Wer ihm beim Kurzmitteilungsdienst quer kommt, wird, wie es gerade einigen Top-Journalisten in Washington widerfahren ist, ohne Begründung verbannt. Andere werden zur „Fahndung” ausgeschrieben. Von einem Mann, der ein Auto verfolgt haben soll, in dem Musks zweijähriger Sohn saß, veröffentlichte der Unternehmer das Nummernschild und fragte seine 120 Millionen Abonnenten sinngemäß: Kennt ihr denn? Seltsam: Der Polizei in Los Angeles liegt nach eigenen Angaben bisher keine Strafanzeige vor.

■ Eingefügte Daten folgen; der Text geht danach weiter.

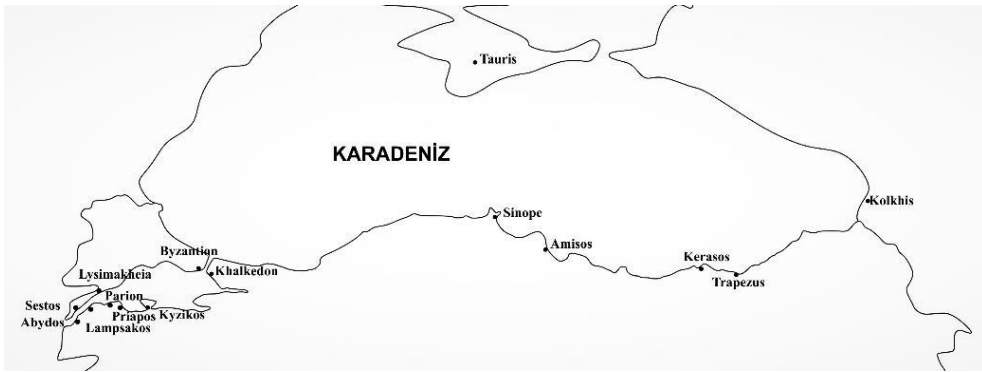
Çizim 2: Marmara ve Karadeniz'de Bulunan Koloni Kentleri
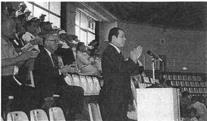
中日本大会長の挨拶
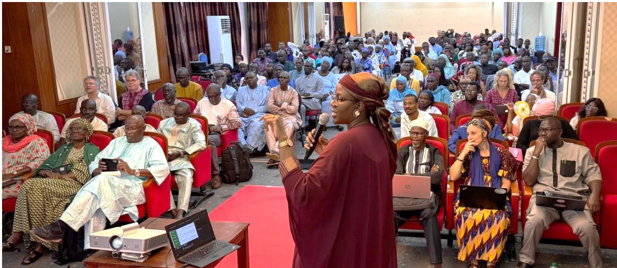
Figure 17 : Atelier de restitution de la caravane, Dakar, sept 2025
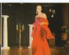
... über die aktuelle Brautmode verschaffen. Wie wär's denn mal mit rot?
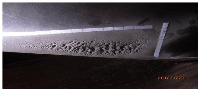
图2 2012年12月戈枕2号机组4#桨叶气蚀情况
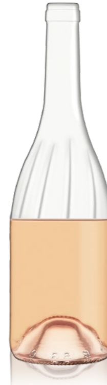
Bourgogne VERTIGO 75cl
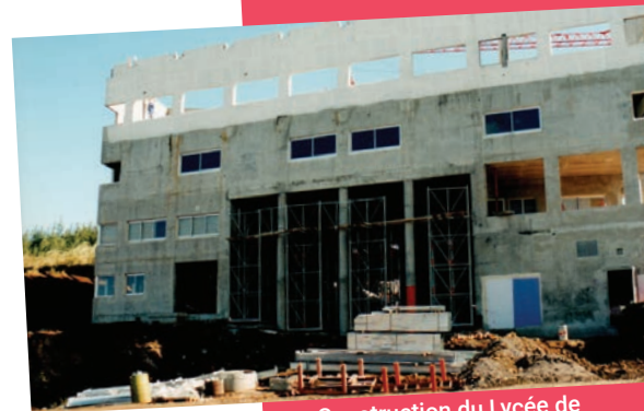
Construction du Lycée de Vincenzo 1998

De 1989 à 2016, l'Education nationale a implanté un peu plus de 700 postes d'enseignants dans la commune.
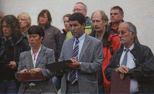
Richterkommission Deutschland, Marokko und Frankreich
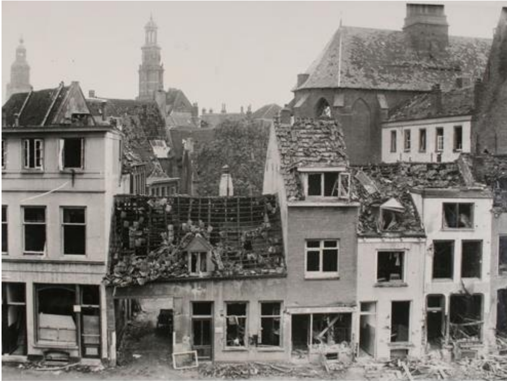
Zwaar beschadigde panden aan de Rozengracht.
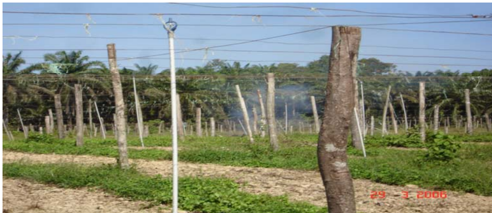
Gambar 7: Para untuk tanaman yang menjalar.
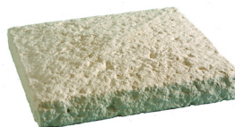
Chapeau de pilier BRIDOIRE L. 42 x l. 42 x h. 7 cm
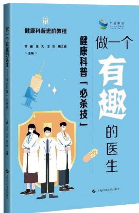
科普图书《做一个有趣的医生 ——健康科普“必杀技”》
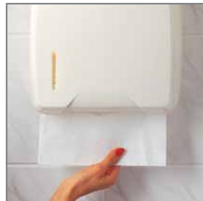
Pojemnik na jednorazowe ręczniki papierowe
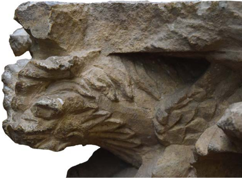
Капитель. Шахринав. II-I вв. до н. э.
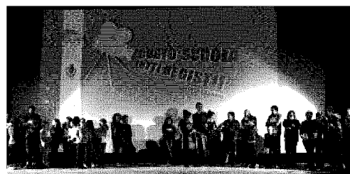
La presentazione di "Corto scuola tutti registi"

"Friendly Floatees" della scuola "Salvemini - Virgilio", che rac-

Medien spekulieren: Hat Musk die ganze Sache getürkt?

Twitter sperrt Konten von Journalisten und der Konkurrenz

Am Donnerstagabend wurden die Konten des konkurrierenden Dienstes Mastodon sowie die mehrerer Journalisten gesperrt, die über den milliardenschweren Eigentümer des sozialen Netzwerks, Elon Musk, berichten.

Am späten Donnerstag wurden die Konten von Reportern von Publikationen wie der „Washington Post”, der „New York Times”, „Mashable” und CNN als blockiert aufgelistet und ihre Tweets waren nicht mehr sichtbar, wobei die Standardmitteilung des Unternehmens besagt, dass es „Konten sperrt, die gegen die Twitter-Regeln verstoßen”, Twitter hat auch das Konto des Sport- und Politikkommentators Keith Olbermann gesperrt, berichtet die Nachrichtenagentur Bloomberg.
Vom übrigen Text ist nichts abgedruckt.